Half of England's hospitals face hefty fines in days as they flout single-sex rules

HOSPITALS across England face massive fines after it was revealed that up to half are still treating patients in mixed-sex accommodation just days before new government regulations come into force.

On 1 April, trusts will be fined £250 for every patient who is not treated in a single-sex environment. The way the fines will work means that even if just one woman is moved to a six-bed ward with five men, the trust will have to pay the fine six times over. And this week the Government released monthly compliance figures, which show 7,583 breaches during February 2011 in NHS-funded inpatient environments, illustrating the problem still facing increasingly cash-strapped trusts.

Patients should not suffer the indignity of being cared for in mixed-sex accommodation and I am determined to put an end to this practice where it is not clinically justified

The data covered 281 organisations, made up of all 75 acute non foundation trusts, 71 of the 92 acute foundation trusts, 77 community PCT and care trust providers, 44 mental health trusts and 14 independent sector providers.

Most of the breaches were, predictably reported in acute hospital trusts, with 47% reporting incidences of patients being treated in mixed-sex accommodation, accounting for 97% of all the breaches noted.

The worst offender was the Oxford Radcliffe Hospitals NHS Trust, with 859 incidences at Churchill Hospital, Horton General Hospital and the John Radcliffe Hospital. Next were East Cheshire NHS Trust, with 621 breaches at Macclesfield District General Hospital; and Northumbria Healthcare NHS Foundation Trust, with 463 reported breaches at Wansbeck Hospital and North Tyneside General Hospital. Others singled out included Sandwell and West Birmingham Hospitals NHS Trust (227); Worcestershire Acute Hospitals NHS Trust (307); Epsom and St Helier University Hospitals NHS Trust (362); St George's Healthcare NHS Trust (275); Dartford and Gravesham NHS Trust (446); and Maidstone and Tunbridge Wells NHS Trust (458).

Overall, the rate of breaches is 5.7 per 1,000 overnight stays in a hospital, down from six in January and eight the previous month.

Commenting on the problems, Elaine Strachan-Hall, chief nurse at the Oxford Radcliffe Hospitals NHS Trust, said one of the problems was that the criteria had recently changed, leaving trusts struggling, despite a multi-million pound investment in estates made by the last government.

"The way in which breaches of single-sex accommodation are counted has changed recently, and day case areas, which were previously excluded from having to meet these rigorous standards, are now included," she added.

"Unfortunately, the trust has several such areas which it has not, as yet, managed to bring up to the standards of privacy and dignity that it strives for elsewhere. The majority of the breaches - 732 - are from these areas.

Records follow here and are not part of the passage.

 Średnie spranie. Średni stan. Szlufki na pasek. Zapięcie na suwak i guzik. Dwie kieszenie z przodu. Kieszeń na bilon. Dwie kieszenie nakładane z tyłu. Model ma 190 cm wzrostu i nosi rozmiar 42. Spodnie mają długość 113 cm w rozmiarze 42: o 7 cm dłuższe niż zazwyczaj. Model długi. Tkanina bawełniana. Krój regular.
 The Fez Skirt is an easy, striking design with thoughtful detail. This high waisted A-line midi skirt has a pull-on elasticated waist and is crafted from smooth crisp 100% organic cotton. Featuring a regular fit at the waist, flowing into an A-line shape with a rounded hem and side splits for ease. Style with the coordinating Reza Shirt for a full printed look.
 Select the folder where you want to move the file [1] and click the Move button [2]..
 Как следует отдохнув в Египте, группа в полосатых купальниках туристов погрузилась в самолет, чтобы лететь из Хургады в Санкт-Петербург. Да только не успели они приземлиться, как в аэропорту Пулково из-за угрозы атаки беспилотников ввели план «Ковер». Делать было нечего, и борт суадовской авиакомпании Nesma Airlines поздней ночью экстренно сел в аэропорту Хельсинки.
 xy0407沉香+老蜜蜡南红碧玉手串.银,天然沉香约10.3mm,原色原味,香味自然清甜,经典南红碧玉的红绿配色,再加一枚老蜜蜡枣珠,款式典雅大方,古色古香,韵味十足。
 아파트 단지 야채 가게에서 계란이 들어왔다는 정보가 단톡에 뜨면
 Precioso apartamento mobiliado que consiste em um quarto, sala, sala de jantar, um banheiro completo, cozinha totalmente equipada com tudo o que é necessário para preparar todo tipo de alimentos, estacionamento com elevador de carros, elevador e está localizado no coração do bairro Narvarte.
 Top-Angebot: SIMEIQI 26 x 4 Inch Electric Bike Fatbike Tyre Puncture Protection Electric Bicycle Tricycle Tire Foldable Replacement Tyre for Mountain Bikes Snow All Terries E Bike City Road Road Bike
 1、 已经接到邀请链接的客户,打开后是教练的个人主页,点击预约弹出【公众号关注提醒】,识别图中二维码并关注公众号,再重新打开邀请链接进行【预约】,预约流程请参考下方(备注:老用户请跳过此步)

"The trust has been working on improving its recording of breaches in this area and, as a result, the numbers of breaches recorded has increased."

New guidance that states that clinical decision units should be included in the reporting has provided the trust with significant challenges

A spokesman at St George's Healthcare NHS Trust said it has also been hit by the additional demands, adding: "The trust has worked hard to eliminate mixed-sex accommodation at St George's Hospital and has made significant improvements over the last year. However, new guidance that states that clinical decision units should be included in the reporting has provided the trust with significant challenges.

"Patients go to these units as part of the A and E process, where they receive treatment before being transferred to a ward. The A and E department at St George's is the busiest in the country, meaning the unit has a high turnover of patients that we are now declaring as mixed-sex accommodation breaches.

"We have implemented an interim solution to make sure that the unit at St George's meets the new guidance while we work on a sustainable long-term plan."

Health Secretary, Andrew Lansley has said of the issue: "Patients should not suffer the indignity of being cared for in mixed-sex accommodation and I am determined to put an end to this practice where it is not clinically justified. Where NHS trusts fail to meet this standard, we will let the public know that they have failed and we will strengthen the fines which may apply. As a result, patients and members of the public will be able to see which services continue to allow patients to suffer the indignity of mixed-sex accommodation."